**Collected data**
━━━━━━
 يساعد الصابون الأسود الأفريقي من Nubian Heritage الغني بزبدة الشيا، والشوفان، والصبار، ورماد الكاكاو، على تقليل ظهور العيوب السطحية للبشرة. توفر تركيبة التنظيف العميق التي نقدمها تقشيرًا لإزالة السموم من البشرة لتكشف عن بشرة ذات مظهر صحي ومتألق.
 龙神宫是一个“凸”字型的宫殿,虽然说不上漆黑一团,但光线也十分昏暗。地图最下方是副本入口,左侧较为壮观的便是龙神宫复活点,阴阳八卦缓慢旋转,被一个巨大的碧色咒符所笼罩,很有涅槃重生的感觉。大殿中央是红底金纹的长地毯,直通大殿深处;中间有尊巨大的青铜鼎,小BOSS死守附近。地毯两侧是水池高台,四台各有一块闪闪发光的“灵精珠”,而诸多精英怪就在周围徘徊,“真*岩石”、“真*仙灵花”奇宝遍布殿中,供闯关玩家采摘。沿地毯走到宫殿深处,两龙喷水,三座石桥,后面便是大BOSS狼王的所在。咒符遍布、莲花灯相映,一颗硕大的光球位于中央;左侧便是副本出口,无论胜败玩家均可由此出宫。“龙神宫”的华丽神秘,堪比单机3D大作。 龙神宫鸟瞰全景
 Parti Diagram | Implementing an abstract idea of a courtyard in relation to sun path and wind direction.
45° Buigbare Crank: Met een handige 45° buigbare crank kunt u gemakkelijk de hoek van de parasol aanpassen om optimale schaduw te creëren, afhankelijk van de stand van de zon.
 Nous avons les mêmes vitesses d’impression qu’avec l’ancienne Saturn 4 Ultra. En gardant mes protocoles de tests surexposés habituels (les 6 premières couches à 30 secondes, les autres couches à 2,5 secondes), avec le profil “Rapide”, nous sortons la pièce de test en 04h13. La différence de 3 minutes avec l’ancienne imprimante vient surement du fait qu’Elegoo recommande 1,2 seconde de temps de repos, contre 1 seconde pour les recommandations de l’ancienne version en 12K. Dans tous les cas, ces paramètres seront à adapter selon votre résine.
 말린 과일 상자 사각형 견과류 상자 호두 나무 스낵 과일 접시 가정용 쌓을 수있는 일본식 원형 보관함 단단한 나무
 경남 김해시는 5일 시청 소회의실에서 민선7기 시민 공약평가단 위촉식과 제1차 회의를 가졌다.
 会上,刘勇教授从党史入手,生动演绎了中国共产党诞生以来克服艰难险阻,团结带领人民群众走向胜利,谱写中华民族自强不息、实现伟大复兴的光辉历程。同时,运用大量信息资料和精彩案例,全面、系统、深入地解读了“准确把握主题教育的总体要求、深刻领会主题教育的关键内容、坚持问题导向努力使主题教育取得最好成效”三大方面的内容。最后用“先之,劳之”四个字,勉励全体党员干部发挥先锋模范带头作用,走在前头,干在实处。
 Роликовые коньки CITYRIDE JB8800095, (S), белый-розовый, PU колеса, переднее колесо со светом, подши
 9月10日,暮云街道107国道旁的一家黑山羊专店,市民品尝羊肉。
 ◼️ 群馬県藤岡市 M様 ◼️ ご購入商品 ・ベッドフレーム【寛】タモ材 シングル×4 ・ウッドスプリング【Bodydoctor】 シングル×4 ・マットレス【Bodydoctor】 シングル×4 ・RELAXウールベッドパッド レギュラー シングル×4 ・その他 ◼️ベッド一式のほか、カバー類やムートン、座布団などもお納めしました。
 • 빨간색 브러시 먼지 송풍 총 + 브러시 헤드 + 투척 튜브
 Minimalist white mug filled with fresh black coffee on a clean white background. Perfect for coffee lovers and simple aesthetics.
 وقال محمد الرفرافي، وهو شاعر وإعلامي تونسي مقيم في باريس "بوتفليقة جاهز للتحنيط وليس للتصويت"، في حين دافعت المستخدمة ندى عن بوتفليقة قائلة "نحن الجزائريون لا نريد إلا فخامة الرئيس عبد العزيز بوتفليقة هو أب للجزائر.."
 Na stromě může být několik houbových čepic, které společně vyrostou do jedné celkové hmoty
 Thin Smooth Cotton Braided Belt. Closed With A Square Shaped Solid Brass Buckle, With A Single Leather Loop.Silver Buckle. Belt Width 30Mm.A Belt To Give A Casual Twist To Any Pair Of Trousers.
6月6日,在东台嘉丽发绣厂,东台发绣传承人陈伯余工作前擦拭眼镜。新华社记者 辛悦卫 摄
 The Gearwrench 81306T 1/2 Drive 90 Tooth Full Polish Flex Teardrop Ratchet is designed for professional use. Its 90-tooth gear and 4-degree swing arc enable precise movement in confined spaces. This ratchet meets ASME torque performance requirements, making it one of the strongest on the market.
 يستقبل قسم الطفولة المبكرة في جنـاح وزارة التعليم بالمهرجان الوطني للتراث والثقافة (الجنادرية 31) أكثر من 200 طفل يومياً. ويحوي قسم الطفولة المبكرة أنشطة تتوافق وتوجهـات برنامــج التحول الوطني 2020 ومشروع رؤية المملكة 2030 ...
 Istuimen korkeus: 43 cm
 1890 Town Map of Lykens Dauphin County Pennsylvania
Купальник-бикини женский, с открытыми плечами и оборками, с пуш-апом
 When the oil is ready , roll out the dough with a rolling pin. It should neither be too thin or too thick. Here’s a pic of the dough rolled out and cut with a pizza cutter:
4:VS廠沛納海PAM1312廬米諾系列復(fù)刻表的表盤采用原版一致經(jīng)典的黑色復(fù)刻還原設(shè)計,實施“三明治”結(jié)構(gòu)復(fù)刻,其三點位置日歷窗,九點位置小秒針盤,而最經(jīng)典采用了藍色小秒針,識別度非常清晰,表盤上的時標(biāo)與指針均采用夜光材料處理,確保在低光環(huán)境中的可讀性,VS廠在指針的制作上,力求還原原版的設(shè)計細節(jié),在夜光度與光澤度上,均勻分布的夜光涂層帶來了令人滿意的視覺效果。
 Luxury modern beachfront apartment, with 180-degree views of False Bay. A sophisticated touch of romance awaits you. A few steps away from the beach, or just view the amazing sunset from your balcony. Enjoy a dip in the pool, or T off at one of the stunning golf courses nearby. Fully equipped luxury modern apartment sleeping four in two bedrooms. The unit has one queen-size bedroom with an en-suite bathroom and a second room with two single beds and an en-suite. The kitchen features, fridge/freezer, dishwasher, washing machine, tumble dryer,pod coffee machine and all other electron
━━━━━━
**EXERCISE PROMPT**
Give every entry back exactly as it was written above.

**ANSWER SPACE**
 يساعد الصابون الأسود الأفريقي من Nubian Heritage الغني بزبدة الشيا، والشوفان، والصبار، ورماد الكاكاو، على تقليل ظهور العيوب السطحية للبشرة. توفر تركيبة التنظيف العميق التي نقدمها تقشيرًا لإزالة السموم من البشرة لتكشف عن بشرة ذات مظهر صحي ومتألق.
 龙神宫是一个“凸”字型的宫殿,虽然说不上漆黑一团,但光线也十分昏暗。地图最下方是副本入口,左侧较为壮观的便是龙神宫复活点,阴阳八卦缓慢旋转,被一个巨大的碧色咒符所笼罩,很有涅槃重生的感觉。大殿中央是红底金纹的长地毯,直通大殿深处;中间有尊巨大的青铜鼎,小BOSS死守附近。地毯两侧是水池高台,四台各有一块闪闪发光的“灵精珠”,而诸多精英怪就在周围徘徊,“真*岩石”、“真*仙灵花”奇宝遍布殿中,供闯关玩家采摘。沿地毯走到宫殿深处,两龙喷水,三座石桥,后面便是大BOSS狼王的所在。咒符遍布、莲花灯相映,一颗硕大的光球位于中央;左侧便是副本出口,无论胜败玩家均可由此出宫。“龙神宫”的华丽神秘,堪比单机3D大作。 龙神宫鸟瞰全景
 Parti Diagram | Implementing an abstract idea of a courtyard in relation to sun path and wind direction.
45° Buigbare Crank: Met een handige 45° buigbare crank kunt u gemakkelijk de hoek van de parasol aanpassen om optimale schaduw te creëren, afhankelijk van de stand van de zon.
 Nous avons les mêmes vitesses d’impression qu’avec l’ancienne Saturn 4 Ultra. En gardant mes protocoles de tests surexposés habituels (les 6 premières couches à 30 secondes, les autres couches à 2,5 secondes), avec le profil “Rapide”, nous sortons la pièce de test en 04h13. La différence de 3 minutes avec l’ancienne imprimante vient surement du fait qu’Elegoo recommande 1,2 seconde de temps de repos, contre 1 seconde pour les recommandations de l’ancienne version en 12K. Dans tous les cas, ces paramètres seront à adapter selon votre résine.
 말린 과일 상자 사각형 견과류 상자 호두 나무 스낵 과일 접시 가정용 쌓을 수있는 일본식 원형 보관함 단단한 나무
 경남 김해시는 5일 시청 소회의실에서 민선7기 시민 공약평가단 위촉식과 제1차 회의를 가졌다.
 会上,刘勇教授从党史入手,生动演绎了中国共产党诞生以来克服艰难险阻,团结带领人民群众走向胜利,谱写中华民族自强不息、实现伟大复兴的光辉历程。同时,运用大量信息资料和精彩案例,全面、系统、深入地解读了“准确把握主题教育的总体要求、深刻领会主题教育的关键内容、坚持问题导向努力使主题教育取得最好成效”三大方面的内容。最后用“先之,劳之”四个字,勉励全体党员干部发挥先锋模范带头作用,走在前头,干在实处。
 Роликовые коньки CITYRIDE JB8800095, (S), белый-розовый, PU колеса, переднее колесо со светом, подши
 9月10日,暮云街道107国道旁的一家黑山羊专店,市民品尝羊肉。
 ◼️ 群馬県藤岡市 M様 ◼️ ご購入商品 ・ベッドフレーム【寛】タモ材 シングル×4 ・ウッドスプリング【Bodydoctor】 シングル×4 ・マットレス【Bodydoctor】 シングル×4 ・RELAXウールベッドパッド レギュラー シングル×4 ・その他 ◼️ベッド一式のほか、カバー類やムートン、座布団などもお納めしました。
 • 빨간색 브러시 먼지 송풍 총 + 브러시 헤드 + 투척 튜브
 Minimalist white mug filled with fresh black coffee on a clean white background. Perfect for coffee lovers and simple aesthetics.
 وقال محمد الرفرافي، وهو شاعر وإعلامي تونسي مقيم في باريس "بوتفليقة جاهز للتحنيط وليس للتصويت"، في حين دافعت المستخدمة ندى عن بوتفليقة قائلة "نحن الجزائريون لا نريد إلا فخامة الرئيس عبد العزيز بوتفليقة هو أب للجزائر.."
 Na stromě může být několik houbových čepic, které společně vyrostou do jedné celkové hmoty
 Thin Smooth Cotton Braided Belt. Closed With A Square Shaped Solid Brass Buckle, With A Single Leather Loop.Silver Buckle. Belt Width 30Mm.A Belt To Give A Casual Twist To Any Pair Of Trousers.
6月6日,在东台嘉丽发绣厂,东台发绣传承人陈伯余工作前擦拭眼镜。新华社记者 辛悦卫 摄
 The Gearwrench 81306T 1/2 Drive 90 Tooth Full Polish Flex Teardrop Ratchet is designed for professional use. Its 90-tooth gear and 4-degree swing arc enable precise movement in confined spaces. This ratchet meets ASME torque performance requirements, making it one of the strongest on the market.
 يستقبل قسم الطفولة المبكرة في جنـاح وزارة التعليم بالمهرجان الوطني للتراث والثقافة (الجنادرية 31) أكثر من 200 طفل يومياً. ويحوي قسم الطفولة المبكرة أنشطة تتوافق وتوجهـات برنامــج التحول الوطني 2020 ومشروع رؤية المملكة 2030 ...
 Istuimen korkeus: 43 cm
 1890 Town Map of Lykens Dauphin County Pennsylvania
Купальник-бикини женский, с открытыми плечами и оборками, с пуш-апом
 When the oil is ready , roll out the dough with a rolling pin. It should neither be too thin or too thick. Here’s a pic of the dough rolled out and cut with a pizza cutter:
4:VS廠沛納海PAM1312廬米諾系列復(fù)刻表的表盤采用原版一致經(jīng)典的黑色復(fù)刻還原設(shè)計,實施“三明治”結(jié)構(gòu)復(fù)刻,其三點位置日歷窗,九點位置小秒針盤,而最經(jīng)典采用了藍色小秒針,識別度非常清晰,表盤上的時標(biāo)與指針均采用夜光材料處理,確保在低光環(huán)境中的可讀性,VS廠在指針的制作上,力求還原原版的設(shè)計細節(jié),在夜光度與光澤度上,均勻分布的夜光涂層帶來了令人滿意的視覺效果。
 Luxury modern beachfront apartment, with 180-degree views of False Bay. A sophisticated touch of romance awaits you. A few steps away from the beach, or just view the amazing sunset from your balcony. Enjoy a dip in the pool, or T off at one of the stunning golf courses nearby. Fully equipped luxury modern apartment sleeping four in two bedrooms. The unit has one queen-size bedroom with an en-suite bathroom and a second room with two single beds and an en-suite. The kitchen features, fridge/freezer, dishwasher, washing machine, tumble dryer,pod coffee machine and all other electron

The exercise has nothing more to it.